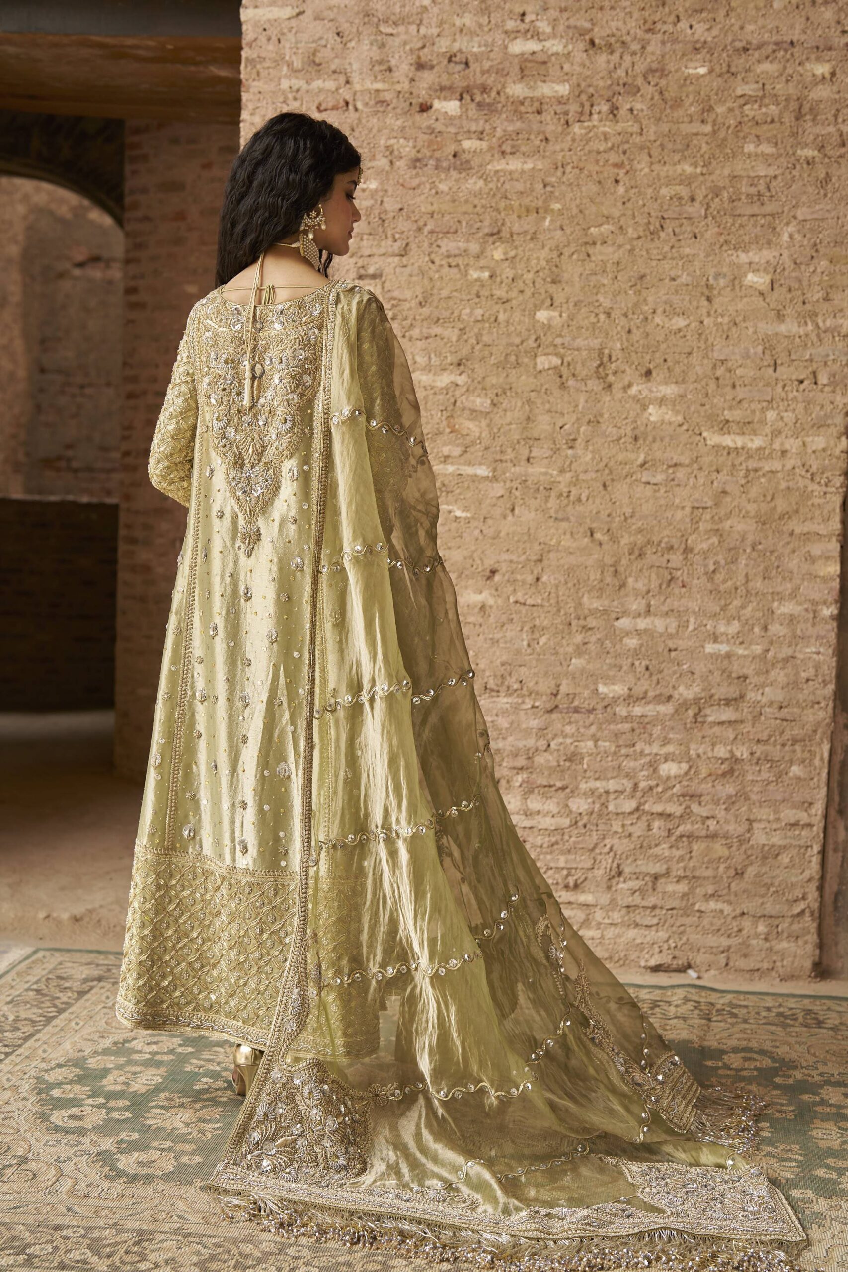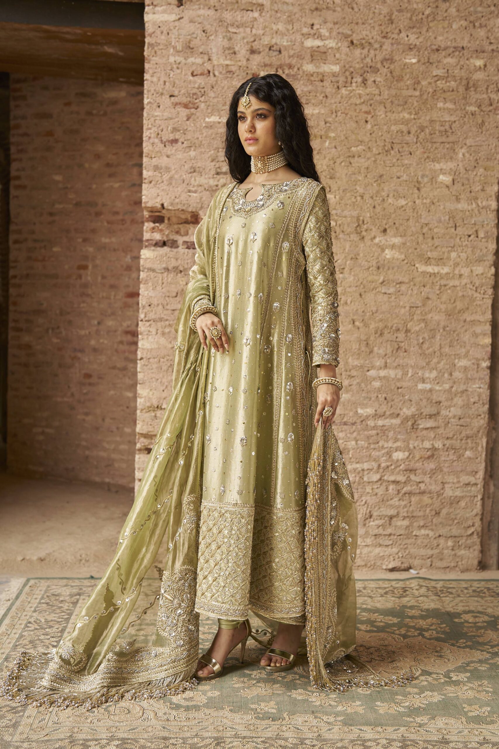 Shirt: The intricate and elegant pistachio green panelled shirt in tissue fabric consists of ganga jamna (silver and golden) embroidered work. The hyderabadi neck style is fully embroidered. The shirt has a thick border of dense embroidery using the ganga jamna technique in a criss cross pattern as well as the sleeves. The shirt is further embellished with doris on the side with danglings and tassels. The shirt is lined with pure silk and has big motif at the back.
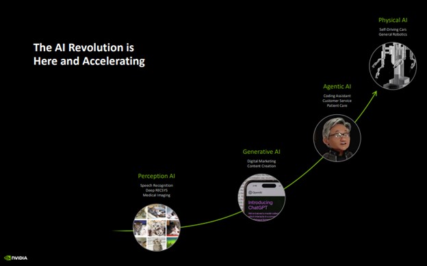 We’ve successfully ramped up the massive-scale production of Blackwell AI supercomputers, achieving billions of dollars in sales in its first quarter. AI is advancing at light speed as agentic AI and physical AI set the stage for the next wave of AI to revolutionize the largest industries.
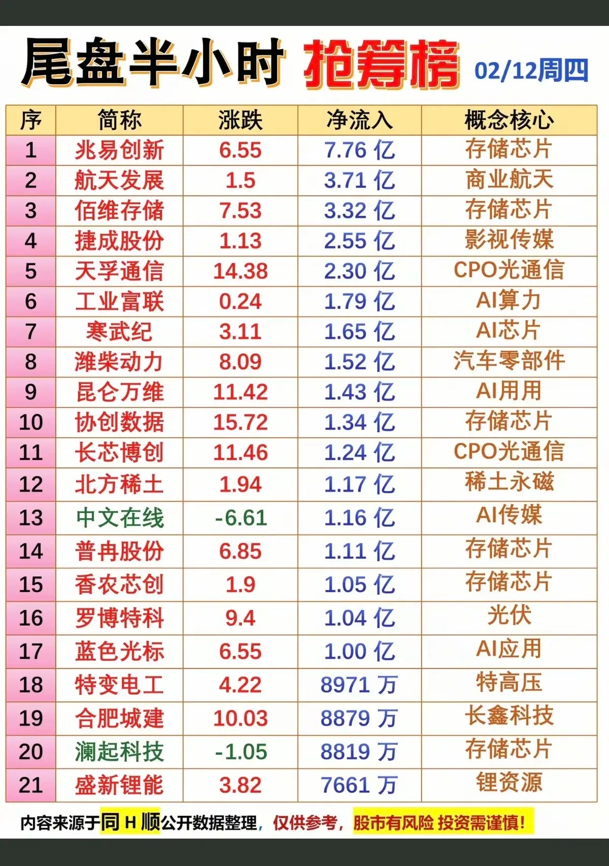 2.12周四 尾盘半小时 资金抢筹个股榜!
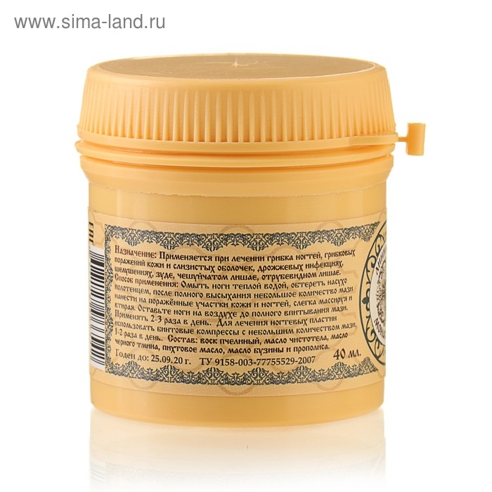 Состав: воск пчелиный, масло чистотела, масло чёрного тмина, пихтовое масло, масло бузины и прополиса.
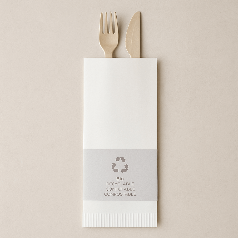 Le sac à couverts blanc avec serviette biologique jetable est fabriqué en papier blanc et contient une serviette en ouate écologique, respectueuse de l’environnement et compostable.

____________________

The listing above should be returned word for word, with pictures omitted.

# RESPONSE BELOW
 Shirt: The intricate and elegant pistachio green panelled shirt in tissue fabric consists of ganga jamna (silver and golden) embroidered work. The hyderabadi neck style is fully embroidered. The shirt has a thick border of dense embroidery using the ganga jamna technique in a criss cross pattern as well as the sleeves. The shirt is further embellished with doris on the side with danglings and tassels. The shirt is lined with pure silk and has big motif at the back.
 We’ve successfully ramped up the massive-scale production of Blackwell AI supercomputers, achieving billions of dollars in sales in its first quarter. AI is advancing at light speed as agentic AI and physical AI set the stage for the next wave of AI to revolutionize the largest industries.
 2.12周四 尾盘半小时 资金抢筹个股榜!
 Состав: воск пчелиный, масло чистотела, масло чёрного тмина, пихтовое масло, масло бузины и прополиса.
 Le sac à couverts blanc avec serviette biologique jetable est fabriqué en papier blanc et contient une serviette en ouate écologique, respectueuse de l’environnement et compostable.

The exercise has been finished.